DIRECTIONS FOR THIS TASK
Print the listing below only from the line that has "4月24日晚,商学院2023" through the line that has "World, daily confirmed", exactly, and drop any picture.

RECORDED INFORMATION
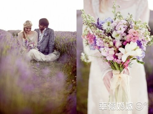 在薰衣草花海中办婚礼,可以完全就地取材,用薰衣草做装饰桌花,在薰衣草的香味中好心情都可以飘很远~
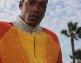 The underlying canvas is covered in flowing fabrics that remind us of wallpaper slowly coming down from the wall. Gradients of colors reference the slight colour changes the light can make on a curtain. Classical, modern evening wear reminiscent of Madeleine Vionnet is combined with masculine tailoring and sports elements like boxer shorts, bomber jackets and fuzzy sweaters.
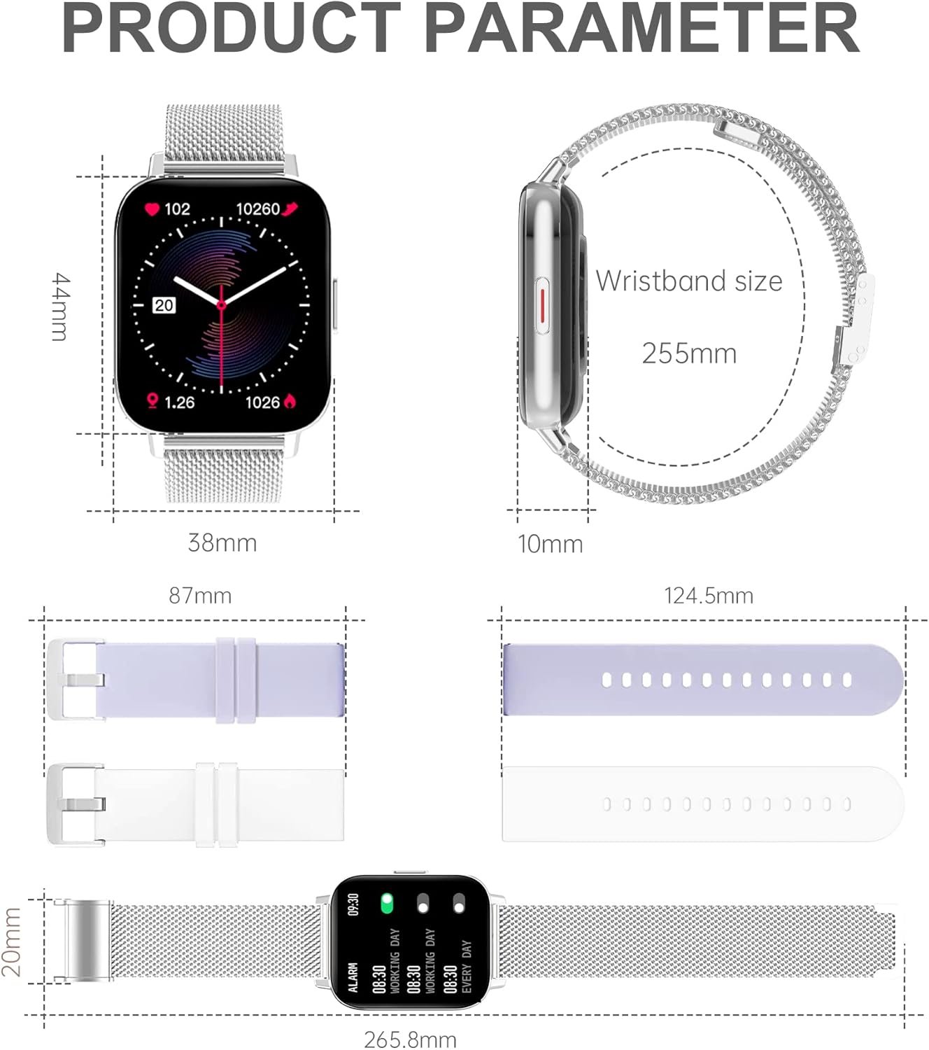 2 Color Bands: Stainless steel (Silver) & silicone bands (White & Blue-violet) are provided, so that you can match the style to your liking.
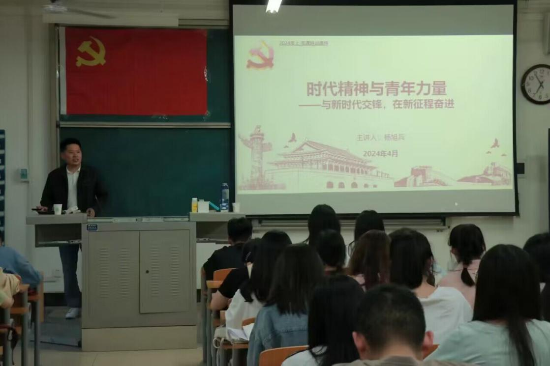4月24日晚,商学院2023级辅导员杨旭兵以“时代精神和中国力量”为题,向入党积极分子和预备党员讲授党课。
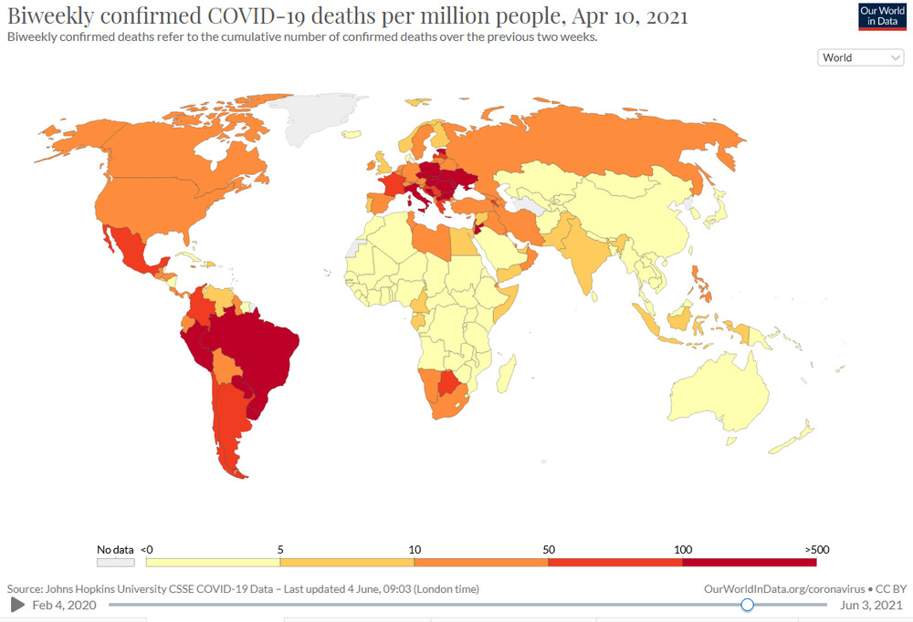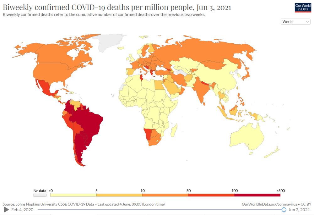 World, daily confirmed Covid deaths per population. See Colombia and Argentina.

* * *

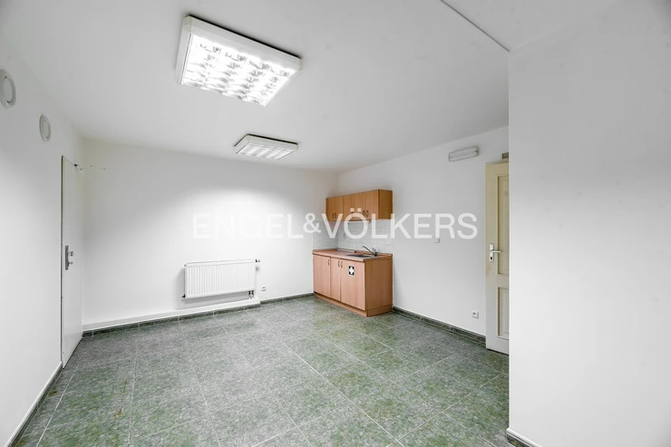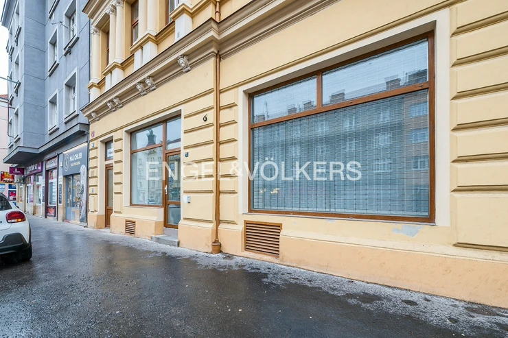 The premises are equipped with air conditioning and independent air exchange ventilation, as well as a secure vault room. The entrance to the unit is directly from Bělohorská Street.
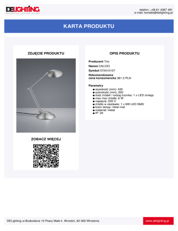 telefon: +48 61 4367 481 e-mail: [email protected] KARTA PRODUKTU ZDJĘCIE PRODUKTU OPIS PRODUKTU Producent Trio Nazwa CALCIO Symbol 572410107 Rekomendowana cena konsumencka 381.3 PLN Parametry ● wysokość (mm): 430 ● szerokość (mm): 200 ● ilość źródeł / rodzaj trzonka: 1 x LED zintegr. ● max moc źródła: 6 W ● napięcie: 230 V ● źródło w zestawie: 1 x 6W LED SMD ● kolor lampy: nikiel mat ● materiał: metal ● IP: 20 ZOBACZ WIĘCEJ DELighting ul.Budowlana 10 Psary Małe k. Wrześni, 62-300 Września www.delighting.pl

WRITTEN SOLUTION
4月24日晚,商学院2023级辅导员杨旭兵以“时代精神和中国力量”为题,向入党积极分子和预备党员讲授党课。
 World, daily confirmed Covid deaths per population. See Colombia and Argentina.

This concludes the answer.